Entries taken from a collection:
*** Block opens ***
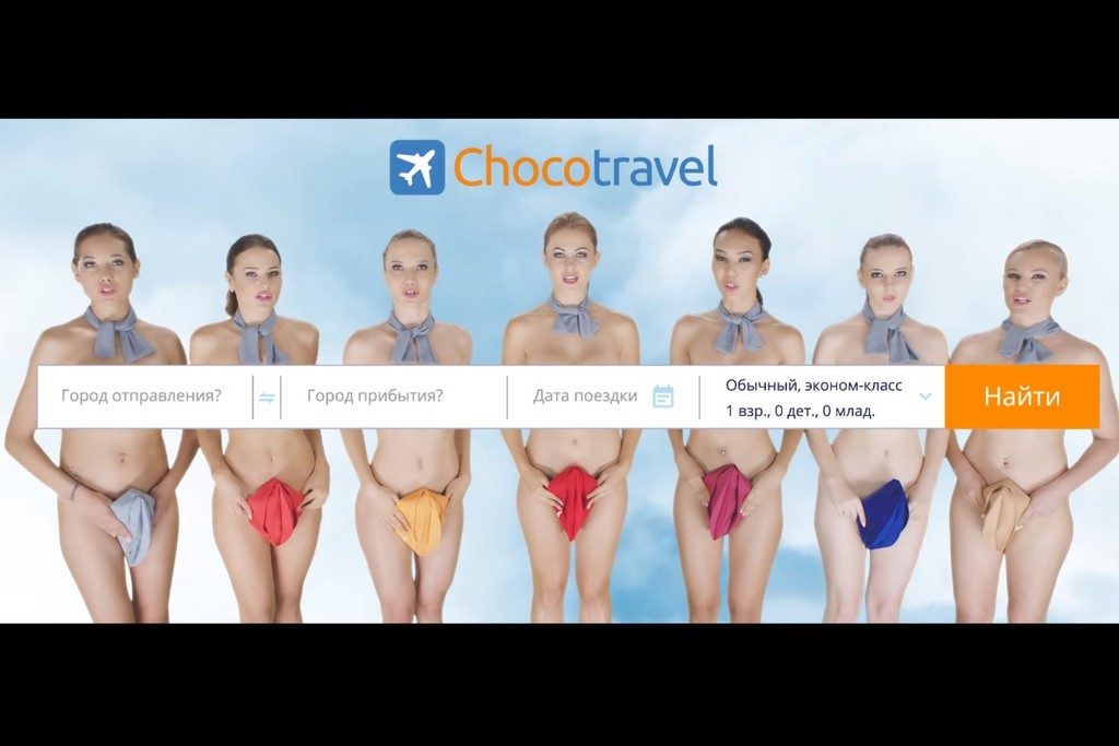 在這之30秒的廣告中,一開始先特寫女演員們肩膀以上,看起來就空服員沒什麼兩樣,但鏡頭拉遠之後,她們全都是裸體,胸部用字卡擋著,下半身則是只有一頂小帽子遮住,畫面超火辣,台詞說道「Chocotravel不會向你索取任何不需要的東西」。儘管受到許多批評,這間旅行社仍在隔天再度推出另一支男性版的廣告,概念很類似,影片中的男演員也是只有領帶和機長的帽子,其餘都是裸體。
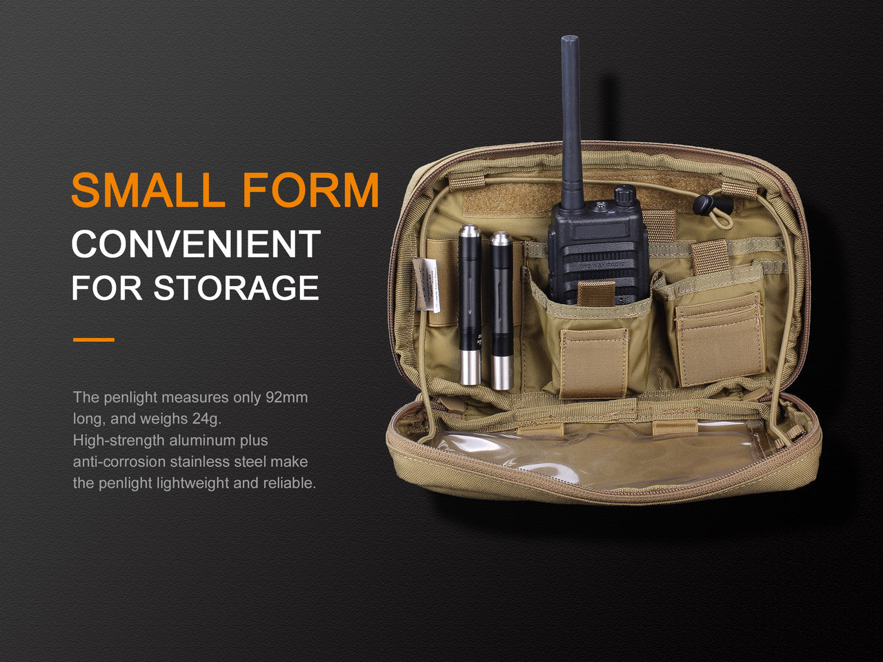 The Fenix LD02 V2.0 is a first-rate EDC penlight, featuring 70 Lumens of warm white light and 200mW UV light. This improved model boasts a petite size of 3.6"x0.5" and weighs just 0.84 ounces. Its Cree XQ-E HI LED provides great color rendering for preserving night vision, as well as accurate color rendering. With one AAA battery, it powers up to 75 hours at 1 Lumen. The stainless steel tail switch manages activation and increases output, and the IP68-rated construction withstands submersion up to 6.5 feet. Get this remarkable EDC penlight now!
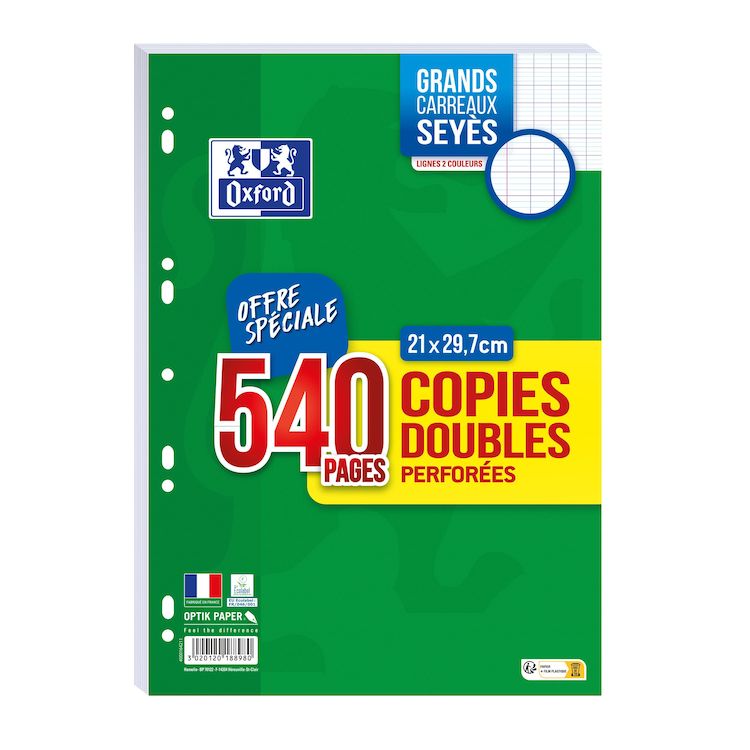 Copies Doubles perforées x540 pages Oxford Seyes 90g
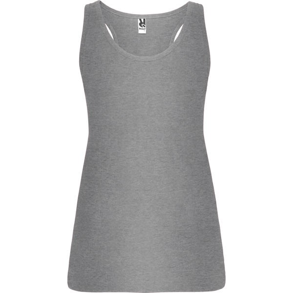 Camiseta entallada, con sisas y escote ribeteado, ancho y enrollado. Espalda estilo nadadora y costuras
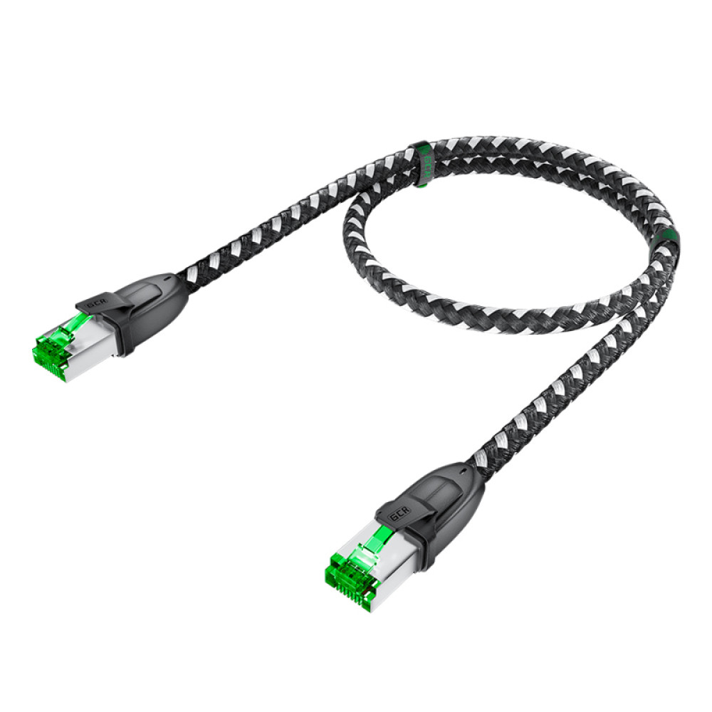 GCR PRO Патч-корд PROF прямой 0.3m, UTP медь кат.6, STRONG черно-белый нейлон, ethernet high speed 10 Гбит/с, T568B
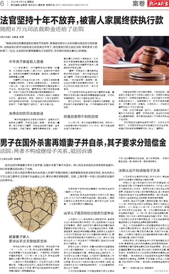 男子在国外杀害再婚妻子并自杀,其子要求分赔偿金
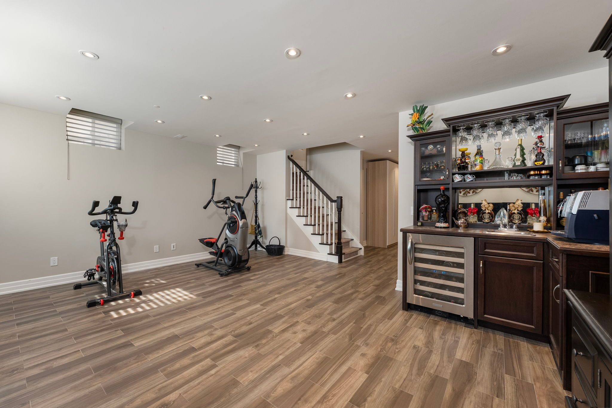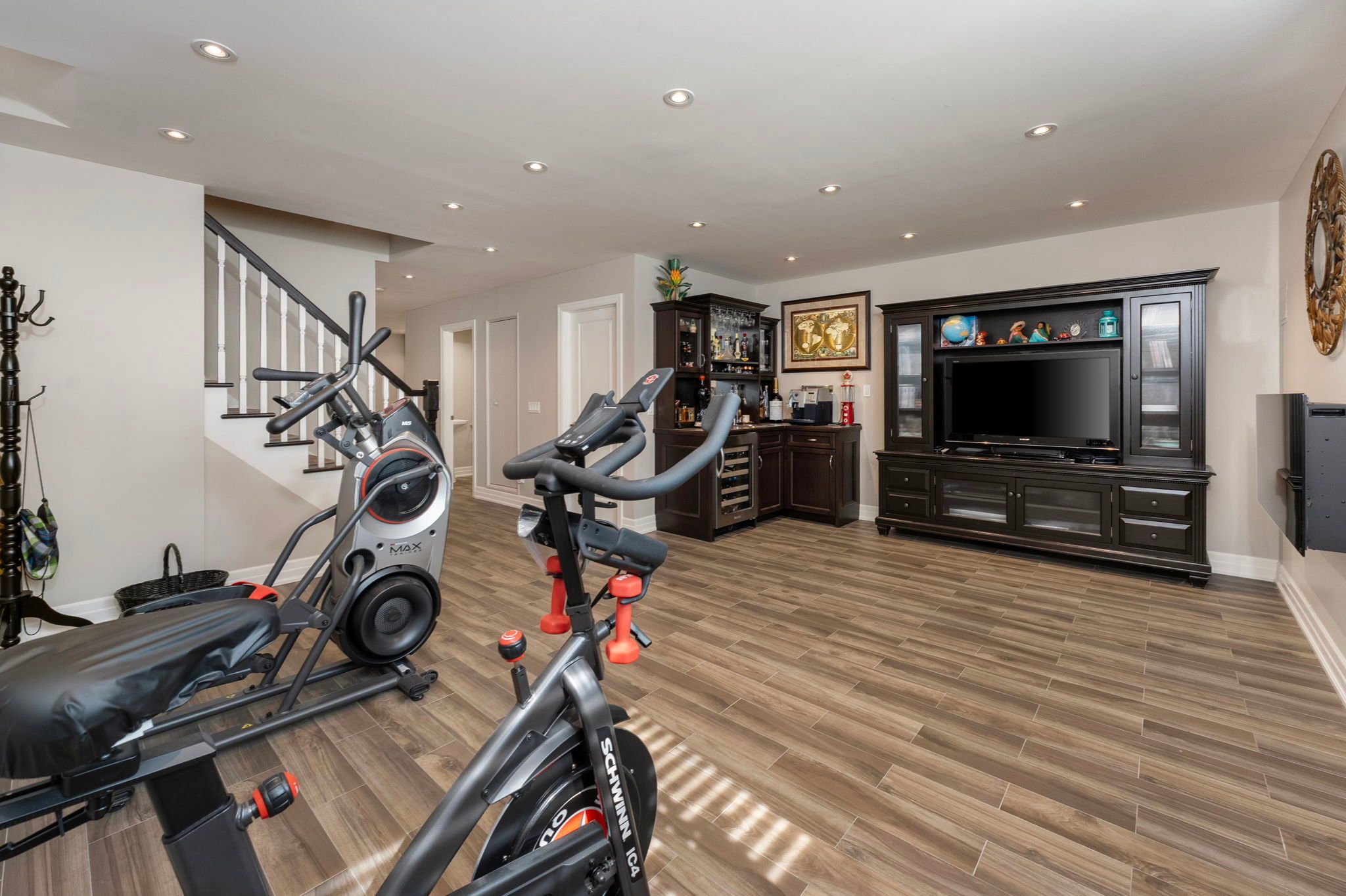 • Professionally finished walkout basement with a recreation space and electric fireplace.
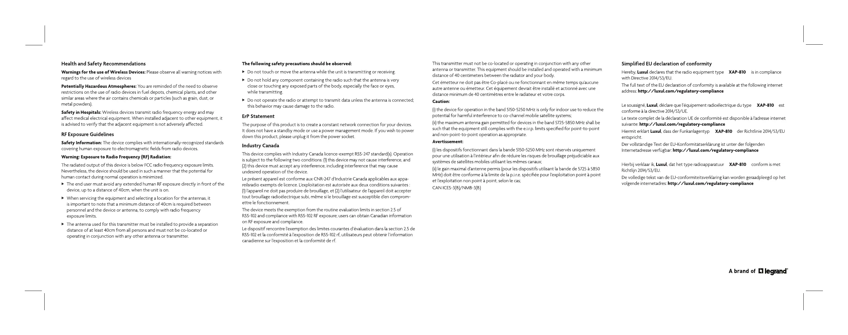 Luxul XAP-810 - Health and Safety Recommendations; Warnings for Wireless Devices; RF Exposure Guidelines; Warning: RF Radiation Exposure
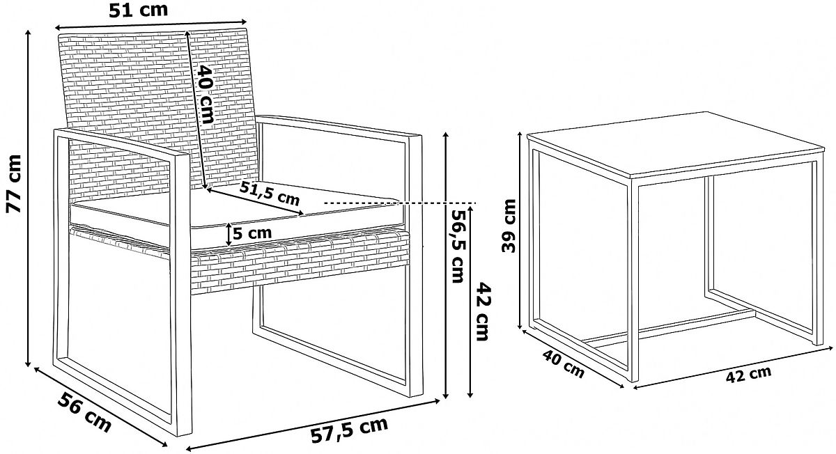 Conținutul setului: 2 scaune + 1 masă
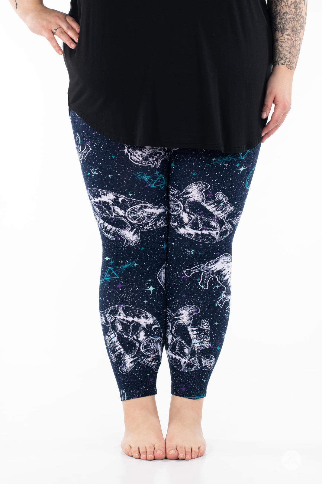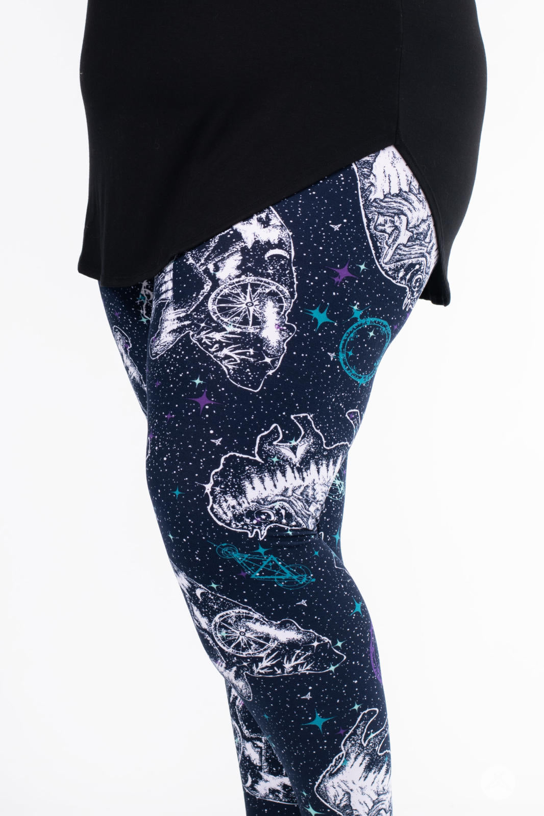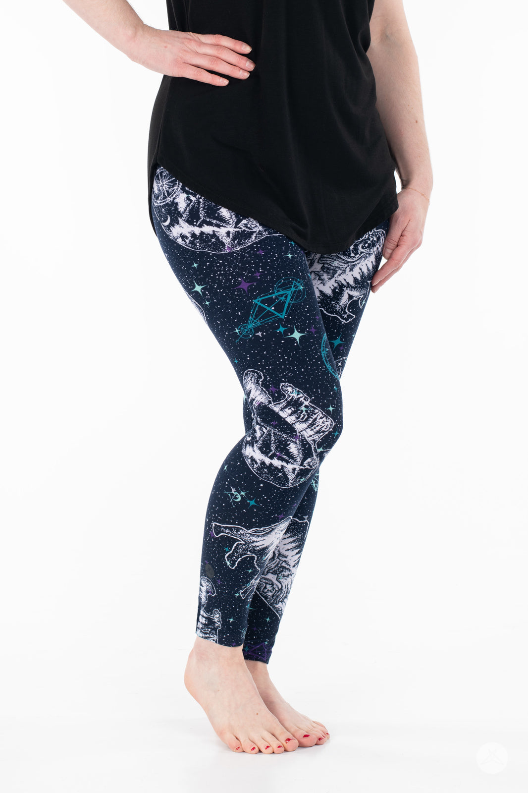 Les leggings Cosmic Wilderness présentent un motif céleste de constellations d'ours et de buffles orné de paysages boisés sereins à l'intérieur de chaque constellation. Sur un magnifique fond bleu foncé, ils se marient parfaitement avec presque tout ce qui se trouve dans votre garde-robe !
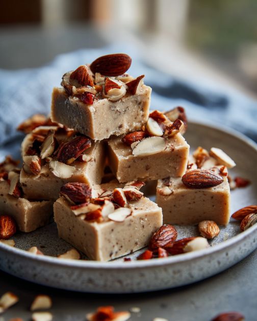 Tento mandľový maslový fudge je krásny v malých štvorčekoch pri šálke horúcej kávy alebo nesladeného čaju, najmä po jednoduchej večeri z pečeného kurčaťa a zeleniny. Pekne sa hodí aj na dezertný podnos s čerstvým ovocím – maliny a jahody tvoria pekný nízkosacharidový kontrast k hustému, orieškovému fudge. Na sviatky alebo rodinné stretnutia rád naaranžujem fudge na vinobranie tanier s možno párkrát praženými orechmi roztrúsenými okolo, s malou miskou šľahačkou pre tých, ktorí chcú extra nádych bohatstva. Je to sladké sústo, ktoré nekričí o pozornosť, ale nenápadne dopĺňa jedlo tak, ako to vždy robí dobrý stredozápadný dezert.
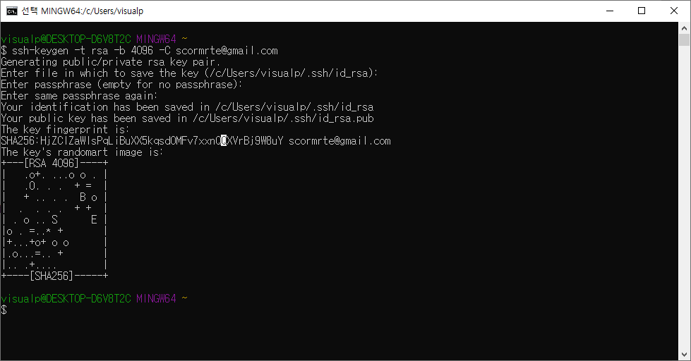 - c/users/visualp/.ssh/id_rsa 메모장으로 open
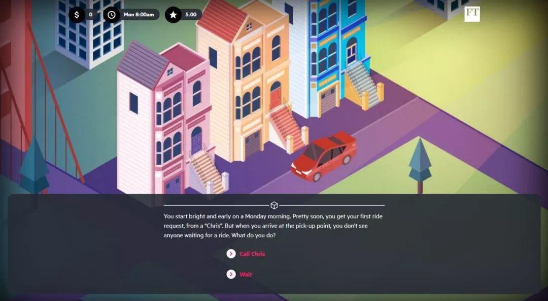 2017年10月,英国《金融时报》在零工经济的背景下推出一款体验做Uber司机的游戏。游戏由制作者通过采访大量Uber司机、利用所得数据设计而成。
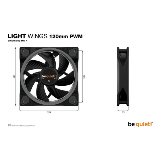 A highly optimized fan frame and impeller achieve the silent operation be quiet! is famous for. With a noise level of just 31dB(A) at maximum fan speed, it proves that instead of being a replacement the lighting is an addon to silent and very powerful operation. All features combine to make Light Wings 120mm PWM high-speed the fan of choice for silent show cases and gaming systems alike.
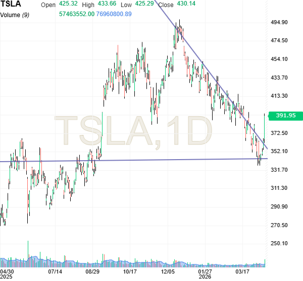 Kursgraf: Efter en større kursnedtur, steg Tesla onsdag hele otte procent. Også lidt i eftermarkedet. Aktien handles dog fortsat til 284 gange 2026-overskuddet og 182 gange 2027-overskuddet, så det er fortsat en aktie for de meget risikovillige
*** Block closes ***
• **PROBLEM TO WORK ON**
All lines from the one containing "2017年10月,英国《金融" through the final line of the records are to be retyped exactly; no other lines and no pictures are to be included.

• **REPLY TO THE TASK**
 2017年10月,英国《金融时报》在零工经济的背景下推出一款体验做Uber司机的游戏。游戏由制作者通过采访大量Uber司机、利用所得数据设计而成。
 A highly optimized fan frame and impeller achieve the silent operation be quiet! is famous for. With a noise level of just 31dB(A) at maximum fan speed, it proves that instead of being a replacement the lighting is an addon to silent and very powerful operation. All features combine to make Light Wings 120mm PWM high-speed the fan of choice for silent show cases and gaming systems alike.
 Kursgraf: Efter en større kursnedtur, steg Tesla onsdag hele otte procent. Også lidt i eftermarkedet. Aktien handles dog fortsat til 284 gange 2026-overskuddet og 182 gange 2027-overskuddet, så det er fortsat en aktie for de meget risikovillige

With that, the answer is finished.